Это объясняется очень просто. Ленин появился в Петербурге в самом начале апреля, третьего апреля. Ленин появился в России, но на политической арене он играл очень скромную роль, его не признали его собственные ученики и единомышленники, за исключением Сталина и ему подобных. Большинство – Каменев; я не помню, с кем был Молотов, – все они были против него. И когда он выступил в Таврическом дворце на собрании социалистов, представителей советов (там были только социалисты разных мастей, и по преимуществу, конечно, большевики), то виднейший большевик Гольденберг сказал, что он «не понимает Ленина, что это ведь анархистские речи. Ведь не стало Ленина-лидера большевизма, марксиста, появился лидер анархизма». И он был не одинок. Ленину в начале пришлось преодолевать препятствия в собственной среде, а все его противники особенно не считались с ним, не имели дело с ним лично, они имели дело с идеями более общего порядка, то есть с нападками на Временное правительство, которые социалисты более умеренного толка, или вошедшие в правительство, или поддерживающие правительство считали вредными для судеб революции. Поэтому вся работа Ленина в первое время сосредоточилась на том, чтобы привлечь на свою сторону свою партию большевиков – в этом он преуспел. Ему несколько раз приходилось туго в своей собственной партии. Я только напомню, что во время Брест-Литовского мира он доходит до того, что выходит из Центрального комитета и идёт к матросам. Вот чем он грозил! И то же самое было в самом начале. Ведь когда он приехал с тем, с чем он приехал, это было неприемлемо ни для кого.

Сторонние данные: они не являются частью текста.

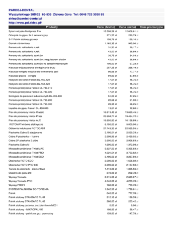 PARDEJ-DENTAL Wyszyńskiego 38D/23 65-536 Zielona Góra Tel: 0048 723 3030 93 [email protected] http://www.pd.sklep.pl/ Produkty Sytem wtrysku Multipress Pro Odsojnik do gipsu 24 l. sekwencyjny S-Y Palnik stołowy gazowy Cena (brutto) Cena (netto) 15.508,59 zł 12.608,61 zł 271,57 zł 220,79 zł 158,79 zł 129,10 zł 1.162,35 zł 945,00 zł Penseta do zakładania rurek 31,50 zł 29,17 zł Penseta do zakładania rurek 42,00 zł 38,89 zł Pensety do zakładania zamków 36,75 zł 34,03 zł Garnek ciśnieniowy Pensety do zakładania zamków z regulatorem slotów 42,00 zł 38,89 zł Penseta do zakładania zamków na zębach trzonowych 105,00 zł 97,22 zł Kleszcze trójszczękowe do doginania drutu 257,25 zł 238,19 zł Kleszcze wklęsło wypukłe do formowania pętli 95,66 zł 77,77 zł Kleszcze płasko - okrągłe 94,50 zł 87,50 zł Nożyczki do koron Falcon DL.160.120 17,01 zł 15,75 zł Nożyczki do koron Falcon DL.161.120 17,01 zł 15,75 zł Penseta protetyczna Falcon DL.780.010 17,01 zł 15,75 zł Penseta protetyczna Falcon DL.780.020 17,01 zł 15,75 zł Szczypce do pierścieni odlewniczych DL.705.400 51,03 zł 47,25 zł Penseta protetyczna Falcon DL.790.200 22,68 zł 21,00 zł Penseta protetyczna Falcon DL.790.300 28,35 zł 26,25 zł Łopatka do gipsu Falcon DL.400.010 13,61 zł 12,60 zł Piec do porcelany Helios Classic 16.813,42 zł 13.669,45 zł Piec do porcelany Helios Press 23.904,71 zł 19.434,72 zł Piec do porcelany Helios ALX 19.850,83 zł 16.138,89 zł 6.150,00 zł 5.000,00 zł ROTOMATwirówka elektryczna Odlewnia indukcyjna ROTOCAST 27.743,33 zł 22.555,55 zł Piaskarka Cobra S stacjonarna 3.100,01 zł 2.520,33 zł Cobra P piaskarka + 1 pióro 2.999,99 zł 2.439,02 zł Cobra 2P piaskarka 2 pióra 3.600,00 zł 2.926,83 zł Piaskarka Cobra M 1.690,00 zł 1.373,98 zł Mieszadło próżniowe Twist MAX 5.827,50 zł 5.395,83 zł Mieszadło próżniowe Twist PRO 4.021,51 zł 3.723,62 zł Mieszadło próżniowe Twist ECO 3.496,50 zł 3.237,50 zł Obcinarka ROTO ECO 2.000,00 zł 1.626,02 zł Obcinarka ROTO PRO 600 2.690,63 zł 2.187,50 zł Tarcza do obcinarki - diamentowa 1.410,00 zł 1.305,56 zł Osadnik do gipsu 20l 273,00 zł 252,78 zł Wyciąg Tornado 2.915,00 zł 2.699,07 zł Wyciąg Tornado PRO 4.540,00 zł 4.203,70 zł Wyciąg PROFI 760,00 zł 703,70 zł 1.942,50 zł 1.798,61 zł Palnik 840,00 zł 777,78 zł Palnik stołowy STANDARD PL 01 212,10 zł 196,39 zł Palnik stołowy STANDARD PL 02 286,65 zł 265,42 zł 0,00 zł 0,00 zł SYSTEM PALNIKÓW DO TOPIENIA Palnik stołowy poziomy, ze zbiornikiem ME01 Palnik stołowy - MIKROPALNIK 108,82 zł 88,47 zł Palnik stołowy - palnik na gaz, przenośny 159,60 zł 147,78 zł Cena promocyjna Pinarka PINAX 3.570,00 zł 3.305,56 zł Formierz Formax 2.830,00 zł 2.620,37 zł Mikrosilnik MARATHON MULTI 600 2.824,50 zł 2.615,28 zł Mikrosilnik MARATHON N7 Frezarka ERGOSTAR Frezarka ECOSTAR 1.354,49 zł 1.254,16 zł 13.755,00 zł 12.736,11 zł 5.302,51 zł 4.909,73 zł Wibrator Q2 660,00 zł 611,11 zł Wibrator Q4 920,00 zł 851,85 zł Osadnik do gipsu 35l 378,00 zł 350,00 zł Ramka z puszkami do polimeryzacji zestaw 490,00 zł 398,37 zł

Я хотел вернуться к моменту приезда Ленина. Сейчас во всех учебниках ленинские апрельские тезисы считаются и расцениваются как что-то страшно важное, то, что само по себе произвело революцию в России. В те дни вы сразу же услышали об апрельских тезисах? Они действительно по всей России стали известными?
Они были напечатаны и стали всем известны, но показались настолько нелепыми, настолько несоответствующими действительности! Это ведь скачок в анархию, поскольку провозглашались «Советы повсюду!» и советская система, о которой никому было не известно, что это значит. Потому что Советы, которые были в 1905 году, не преследовали цели стать правительством. Они были орудием борьбы против самодержавия для достижения определённых целей. И не только тогда, но и позже. Даже большевики отстаивали и демократию, и демократическую республику, и всеобщее избирательное право – всё, что принято было всеми социалистами мира.